Rabu, 17 Desember 2008

Becerminlah pada Hewan - Pergeseran Nilai-nilai Moral

KOMPAS Rabu, 17 Desember 2008 13:32 WIB (UTI)
Ketika manusia sudah tidak lagi peka, tidak lagi dapat memanusiakan manusia, bahkan tidak lagi menyadari hakikat bahwa dirinya adalah manusia, cobalah becermin pada hewan.

Demikian ajakan perupa Zaenal Arifin lewat pameran seni rupa bertajuk "Fabulous Fable" di Semarang Contemporary Art Gallery, Kota Semarang, 13-23 Desember 2008.

Fabel adalah dongeng tentang pelajaran moral dengan menggunakan binatang terutama sebagai karakternya.

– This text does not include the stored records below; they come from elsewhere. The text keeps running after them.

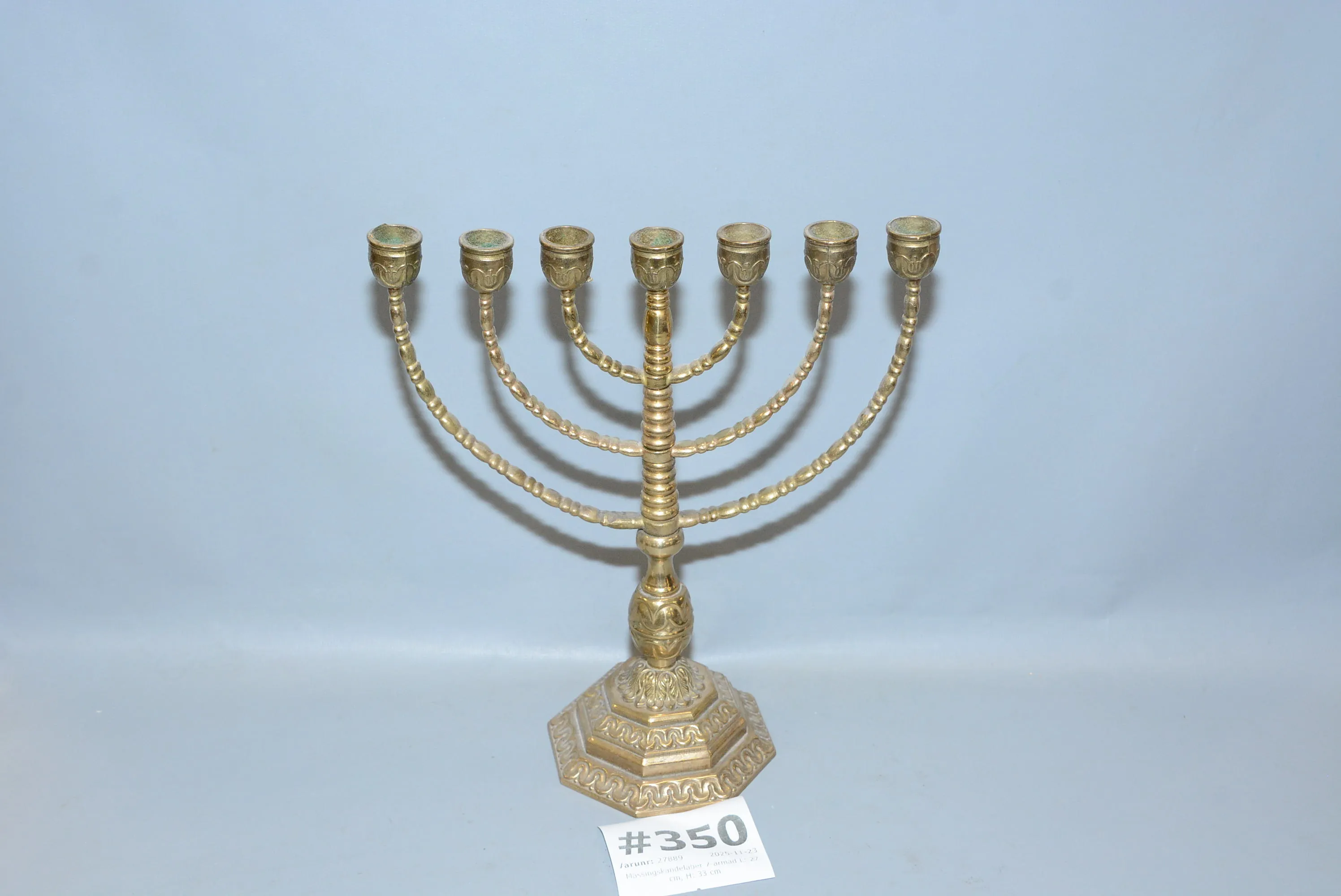 350. Mässingskandelaber 7-armad L: 27 cm, H: 33 cm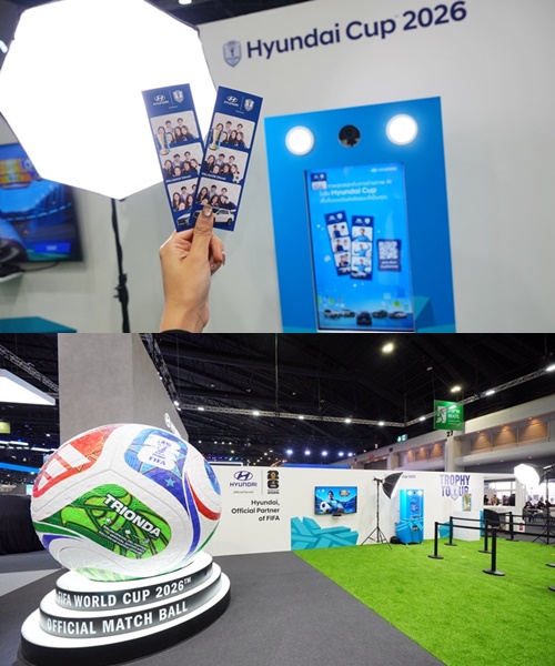 สำหรับบูทฮุนไดในปีนี้ ออกแบบภายใต้คอนเซปต์ “Hyundai Lifestyle Connected Hub” ที่ผสานโลกของยนตรกรรม เทคโนโลยี และไลฟ์สไตล์เข้าด้วยกัน นำกลยุทธ์ Sport Marketing จากธีมระดับโลกของแบรนด์อย่าง “Year of Football” มาสร้างประสบการณ์ใหม่ให้ผู้เข้าชมงาน ด้วยการจัดแสดงลูกฟุตบอลขนาดยักษ์ Trionda ลูกฟุตบอลที่ใช้ในการแข่งขัน FIFA World Cup 26™ อย่างเป็นทางการ ซึ่งสะท้อนพลังของเจ้าภาพทัวร์นาเมนต์ทั้ง 3 ประเทศ นำมาเป็นแลนด์มาร์กของบูท พร้อมมอบโอกาสสุดเอ็กซ์คลูซีฟกับการได้ใกล้ชิดกับถ้วยแชมป์อาเซียน ASEAN Hyundai Cup™ 2026 Trophy ที่นำมาให้แฟนฟุตบอลได้ชมและถ่ายภาพเป็นที่ระลึก ซึ่งเป็นอีกหนึ่งไฮไลต์สำคัญที่สะท้อนบทบาทของฮุนไดในฐานะพันธมิตรของวงการฟุตบอลระดับโลก ซึ่งถือเป็นกีฬาที่เป็นสัญลักษณ์แห่งการเชื่อมโยงผู้คน ตอกย้ำการนำไลฟ์สไตล์มารวมกับนวัตกรรมการเดินทางของฮุนได
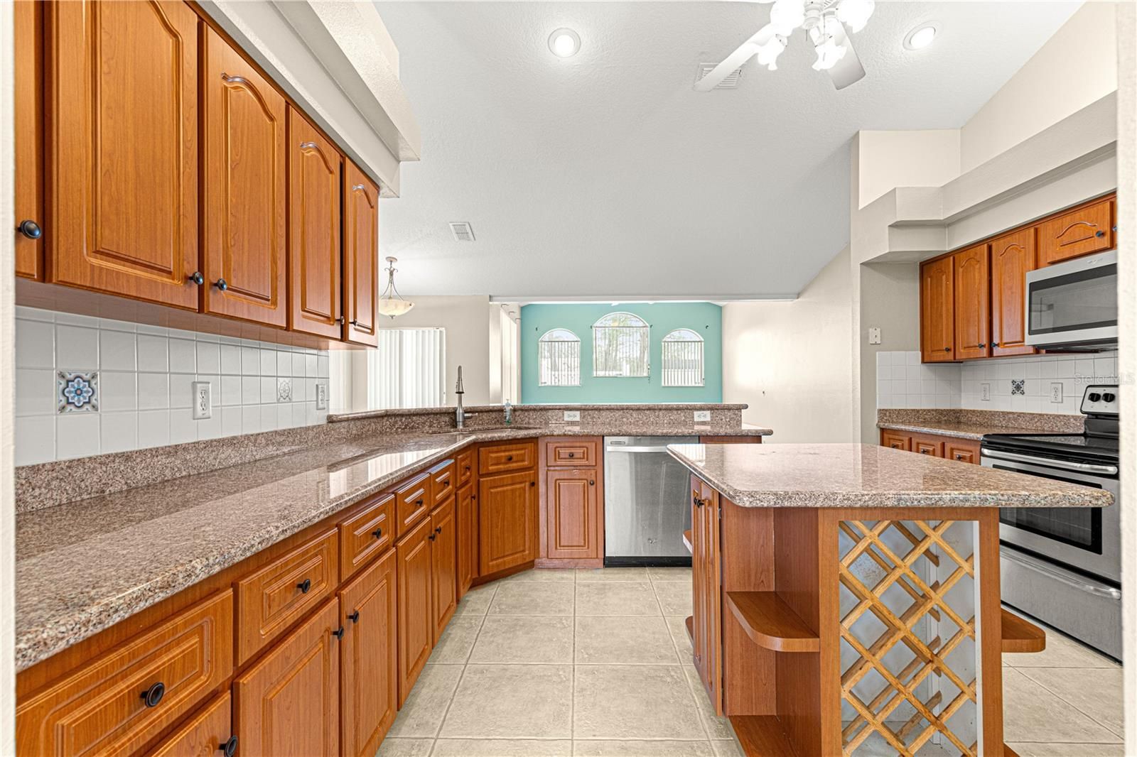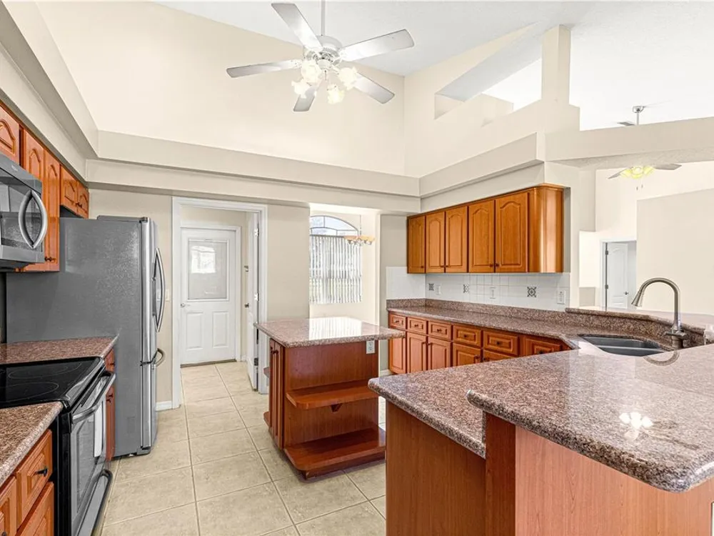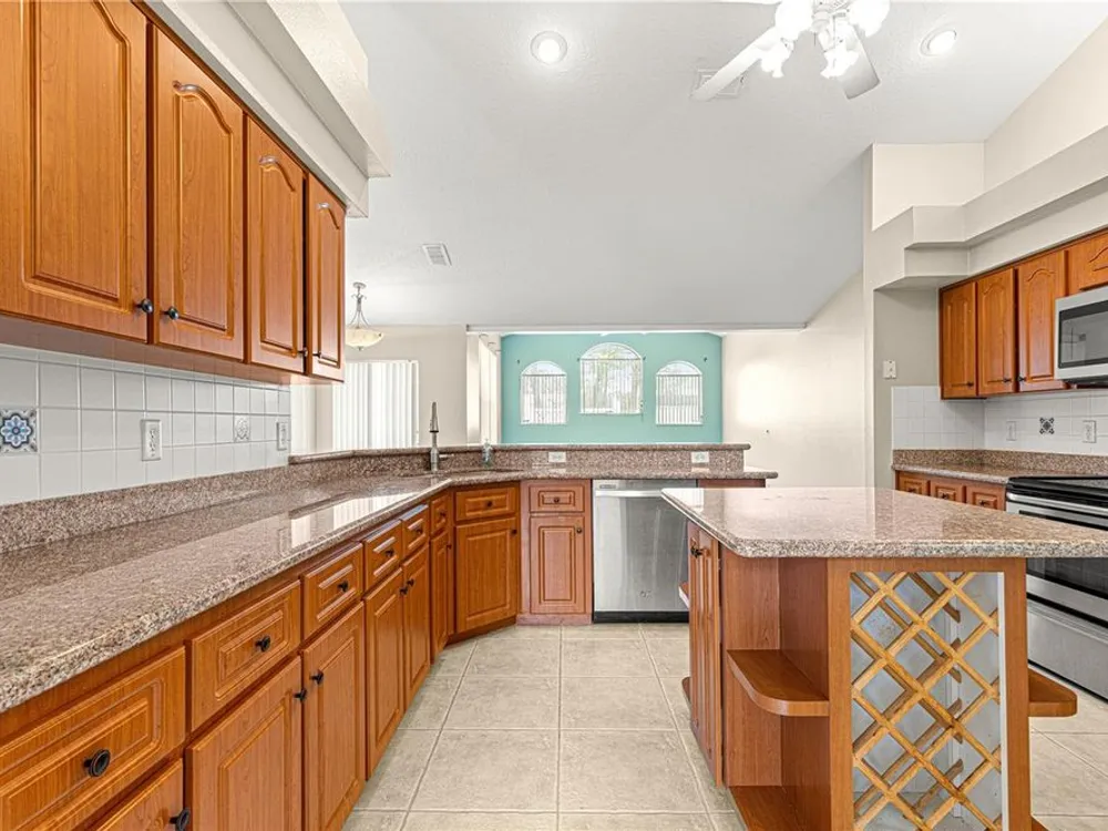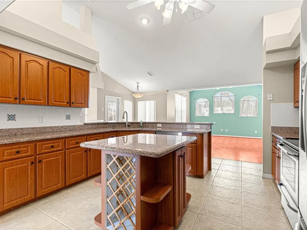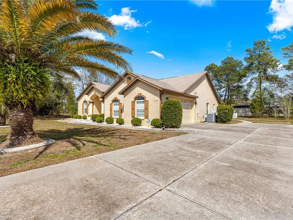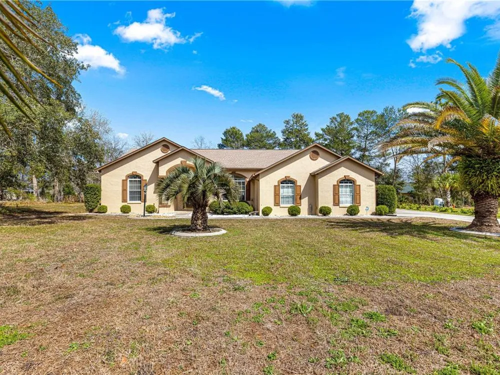 Pool, Palm Trees & an Oversized Lot! Discover the perfect blend of comfort and convenience in this 3-bedroom, 2-bathroom pool home, offering 2,150 sq. ft. of living space on a .61-acre lot in a peaceful cul-de-sac. An expansive driveway provides ample guest parking. Inside, enjoy a spacious, airy layout with vaulted ceilings and abundant natural light. The beautiful kitchen features granite countertops, backsplash, stainless steel appliances, and ample counter & cabinet space, plus a built-in wine rack—perfect for cooking and entertaining. The expanded master suite boasts wood flooring, a tray ceiling, and private pool access, creating a true retreat. The master bath includes dual sinks, a walk-in shower, and a relaxing garden tub. Step outside to your private backyard oasis, complete with a sparkling screened-in pool. The oversized lot is ideal for gardening, featuring a well for irrigation to keep everything lush year-round. Additional highlights include: a 2 car garage with a utility sink and pull down attic, Shed with electricity – great for storage or a workshop, Newer roof (2022) and water heater replaced in 2025 for peace of mind. Enjoy privacy, space, and true Florida living in a desirable location. Schedule your private tour today!

Jadi, binatang menjadi obyek utama dalam setiap karya yang ditampilkan.

Karya-karya Arifin tersebut menggambarkan ironi kehidupan yang kini marak terjadi. Tengok saja karya berjudul "Kisah Kucing dan Tikus", yakni seekor tikus dengan sangat tenang menghadapi kejaran kucing yang hendak menangkapnya. Karya itu menggambarkan bagaimana seorang koruptor masih tetap angkuh dan merasa "suci", serta tetap harus dihormati meski telah mencuri.

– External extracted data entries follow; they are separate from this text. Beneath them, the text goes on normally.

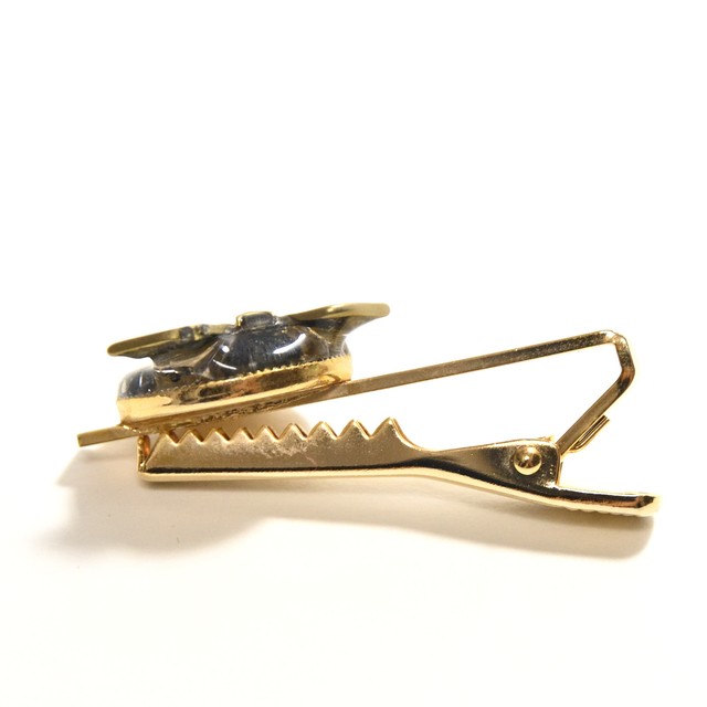 マットブラックの砕いたガラスと、ゴールドのパーツのコントラストが美しいネクタイピン。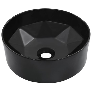 Napravljen od keramike, ovaj okrugli umivaonik s dizajnom dijamanta bit će moderan i bezvremenski dodatak svakoj kupaonici, toaletu ili garderobi. Ovaj umivaonik može služiti kao posuda za svakodnevnu uporabu, ali i kao ukras za vaš životni prostor. Zahvaljujući svom popularnom i suvremenom dizajnu, ovaj umivaonik sigurno će odgovarati svakom uređenju. Napravljen od keramike, umivaonik je vrlo jednostavan za čišćenje. Osim toga, sjajni završni sloj dodaje šarmantnu notu ovom umivaoniku za kupaonicu. Napomena: Slavina nije uključena u isporuku. - Boja: Crna - Materijal: Keramika - Ukupne dimenzije: 36 x 14 cm (Promjer x V) - Promjer otvora za odvod: 4,5 cm - Vrsta instalacije: Iznad pulta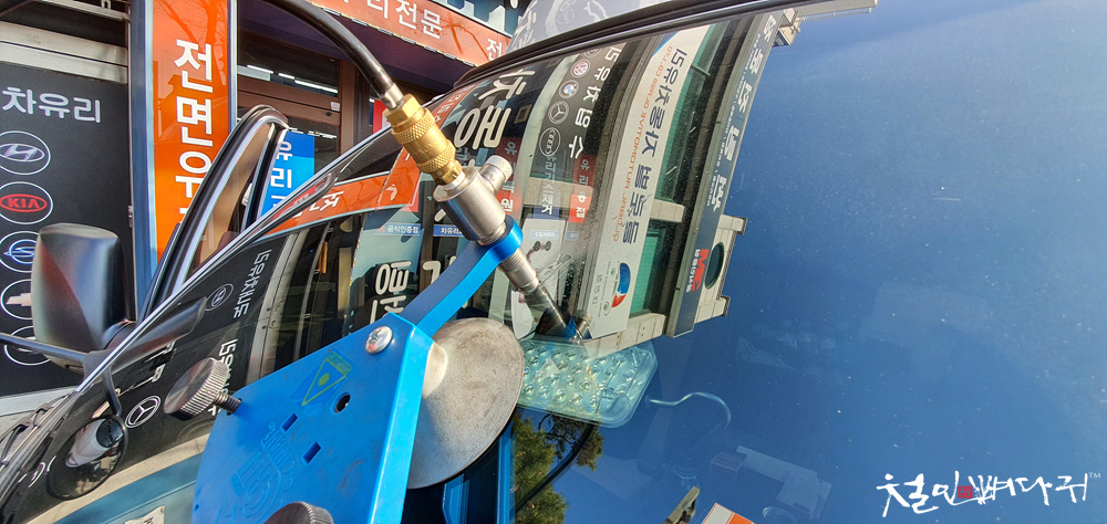돌빵을 맞으면, 유리가 금이 가기 전에 빠르게 유리복원 업체로 가서 유리복원 작업을 하는 것이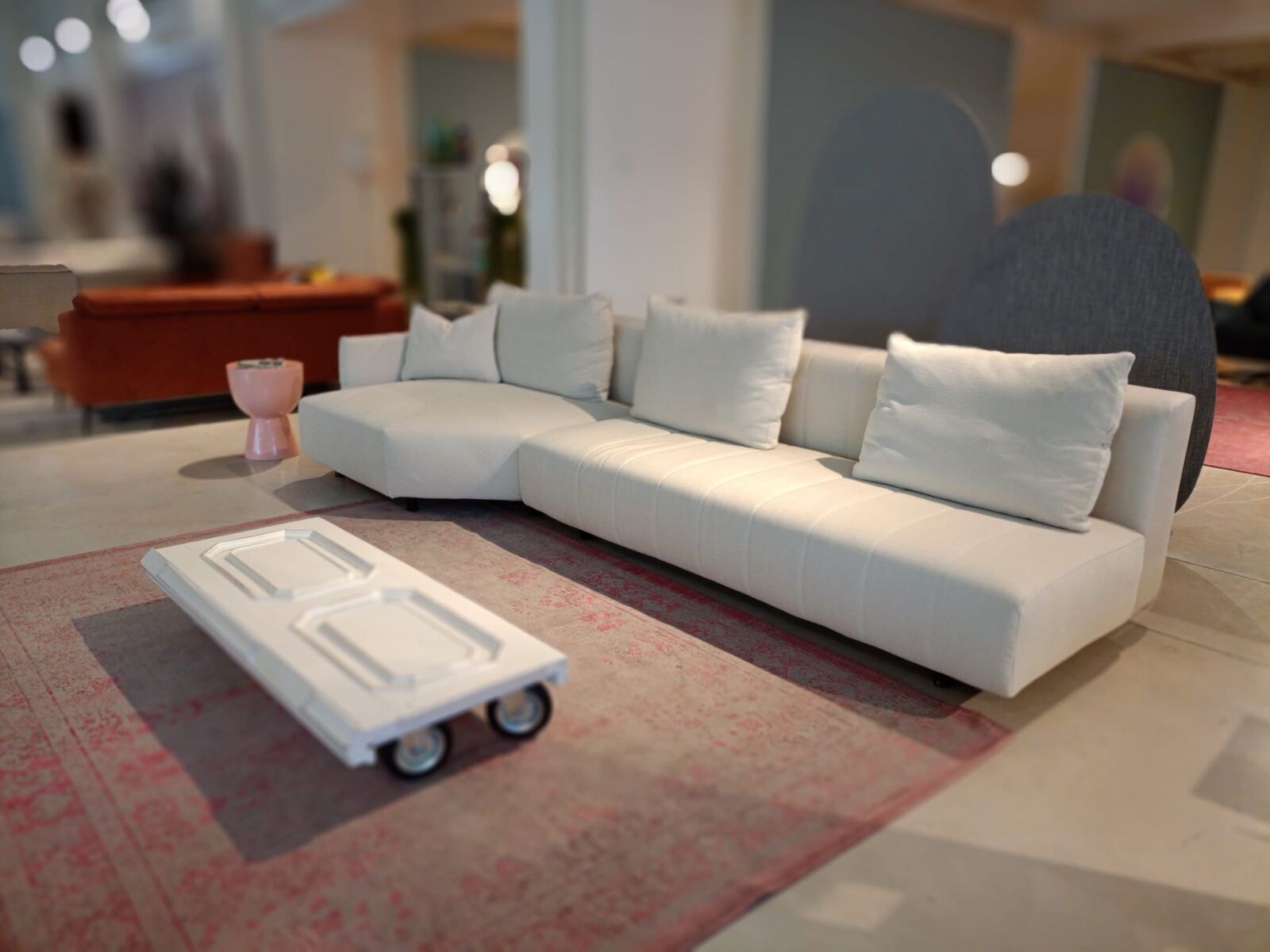 Grazie al movimento del bracciolo il divano si trasforma in un comodissimo e pratico divano letto.

Goresan kuas yang lain misalnya karya "Tikus Nyusu Cindil" (tikus menyusu pada anak tikus). Begitu tidak tahu dirinya penguasa negara ini, orang-orang yang lemah justru harus menolong mereka yang kuat. Rakyat banyak yang menderita kesulitan mendapat pertolongan, sedangkan pengusaha besar dengan mudah mendapatkannya.

"Saya hanya ingin mengajak becermin pada hewan. Sekarang ini, jika becermin kepada sesama manusia hasilnya sama saja, karena tidak ada lagi orang yang benar-benar dapat menjadi panutan," kata Arifin.

Oleh karena itu, dia memakai simbol hewan dalam karya lukisnya. Ketika manusia berkaca pada manusia yang lain, besar kemungkinan manusia itu tidak menyadari hakikatnya sebagai seorang manusia.

Namun, ketika hewan menjadi contoh kelakuan manusia, seharusnya manusia menyadari dirinya adalah manusia, yang memiliki pikiran dan perasaan.

Pergeseran nilai moral

"Jelas terjadi pergeseran nilai-nilai moral. Meski memiliki etika dan sopan santun, manusia kini seperti zombi, mayat hidup, cenderung tidak berperasaan. Jika manusia seperti itu, apa bedanya dengan hewan?" gugat Arifin.

Menurut Arifin, babi atau tikus merupakan contoh hewan yang paling komunikatif dan mudah dipahami. Babi identik dengan kebiasaan malas, sedangkan tikus melambangkan koruptor dan pencuri. Keduanya sangat efektif untuk menyampaikan cermin yang satir kepada manusia.
Kurator Eddy Soetriyono menilai, fabel di tangan Arifin sering kali bukanlah sekadar dongeng. "Fabulous Fable" mampu mencuatkan ironi-ironi halus yang kompleks.

Eddy menyebutkan, ada kritik, ironi, sinisme, sarkasme, lelucon, atau permainan yang tidak memiliki makna tunggal dalam setiap hasil karya Arifin.